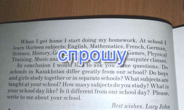 Когда я прихожу домой, я начинаю делать домашнее задания. В школе я изучаю 13 предметов: английский, математику, французский, немецкий, естествоведение (у них в этом предмете микс химии и физики нашей), историю, географию, рукоделие, изобразительное искусство, игры, физкультуру, музыку, религоведение (говоря нашим языком) и информатику (а не компьютерные классы, как дословно). В заключение, я отела бы задать тебе несколько вопросов. Сильно ли отличаются школы в Казахстане от нашей школы Учатся ли мальчики девочки вместе или в раздельных школах Каким предметам тебя учат в школе Сколько предметов ты изучаешь Каков твой школьный день Он отличается от нашего школьного дня (тут речь про распорядок). Пожалуйста, напиши мне о твоей школе,
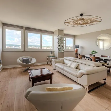 Appartement Tout Confort A Nancy obejmuje miejsce do siedzenia, a także widok na miasto. Obiekt zapewnia noclegi z parkietem na podłodze. Obiekt noclegowy posiada również prywatną łazienkę z wanną i kabiną prysznicową walk-in. Ponadto w pokojach znajdują się ręczniki.
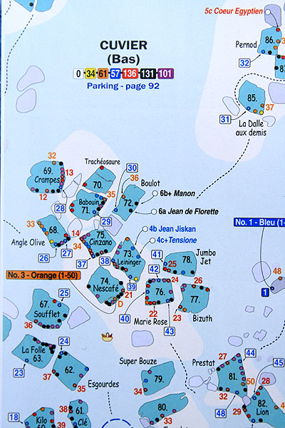 TRAVEL TO FONT: Car is the best recommendation. 900 square km, so that says it all, and 780 empty sq km with no boulders. The areas in Fun Bloc are very highly concentrated, so once you get to them, sure you don't need a car all day. Cars do get broken into at the quiet forest parking areas, so most climbers leave them open and completely empty. If you don't have a car, then fly to Charles de Gaulle airport in the North of Paris, rent a car for your duration at Font. Paris traffic is a nightmare, so leave plenty of time. There are 3 ring roads, Pereferique in the centre - really bad, A 86 a mid connetion - not so bad but not good, and the N104 very outer ring road - this is best but gets very snarled up as it crosses the A4, and also has some big shopping centres on it - so not ideal either. Arbonne le Foret in the centre of the forest always has speed traps and alcohol testing, so best not to take any chances and keep the mad attitude to the climbing. If a car is not possible, then the only sensible option is to stay at Musardiere Campsite, where you can walk to the climbing in the Trois Pignons. Only way there is by taxi from Font Avon Station.

* _What to work on_: Exact repetition of each line above is expected; images are to be omitted.

* _Task output_:
 Когда я прихожу домой, я начинаю делать домашнее задания. В школе я изучаю 13 предметов: английский, математику, французский, немецкий, естествоведение (у них в этом предмете микс химии и физики нашей), историю, географию, рукоделие, изобразительное искусство, игры, физкультуру, музыку, религоведение (говоря нашим языком) и информатику (а не компьютерные классы, как дословно). В заключение, я отела бы задать тебе несколько вопросов. Сильно ли отличаются школы в Казахстане от нашей школы Учатся ли мальчики девочки вместе или в раздельных школах Каким предметам тебя учат в школе Сколько предметов ты изучаешь Каков твой школьный день Он отличается от нашего школьного дня (тут речь про распорядок). Пожалуйста, напиши мне о твоей школе,
 Appartement Tout Confort A Nancy obejmuje miejsce do siedzenia, a także widok na miasto. Obiekt zapewnia noclegi z parkietem na podłodze. Obiekt noclegowy posiada również prywatną łazienkę z wanną i kabiną prysznicową walk-in. Ponadto w pokojach znajdują się ręczniki.
 TRAVEL TO FONT: Car is the best recommendation. 900 square km, so that says it all, and 780 empty sq km with no boulders. The areas in Fun Bloc are very highly concentrated, so once you get to them, sure you don't need a car all day. Cars do get broken into at the quiet forest parking areas, so most climbers leave them open and completely empty. If you don't have a car, then fly to Charles de Gaulle airport in the North of Paris, rent a car for your duration at Font. Paris traffic is a nightmare, so leave plenty of time. There are 3 ring roads, Pereferique in the centre - really bad, A 86 a mid connetion - not so bad but not good, and the N104 very outer ring road - this is best but gets very snarled up as it crosses the A4, and also has some big shopping centres on it - so not ideal either. Arbonne le Foret in the centre of the forest always has speed traps and alcohol testing, so best not to take any chances and keep the mad attitude to the climbing. If a car is not possible, then the only sensible option is to stay at Musardiere Campsite, where you can walk to the climbing in the Trois Pignons. Only way there is by taxi from Font Avon Station.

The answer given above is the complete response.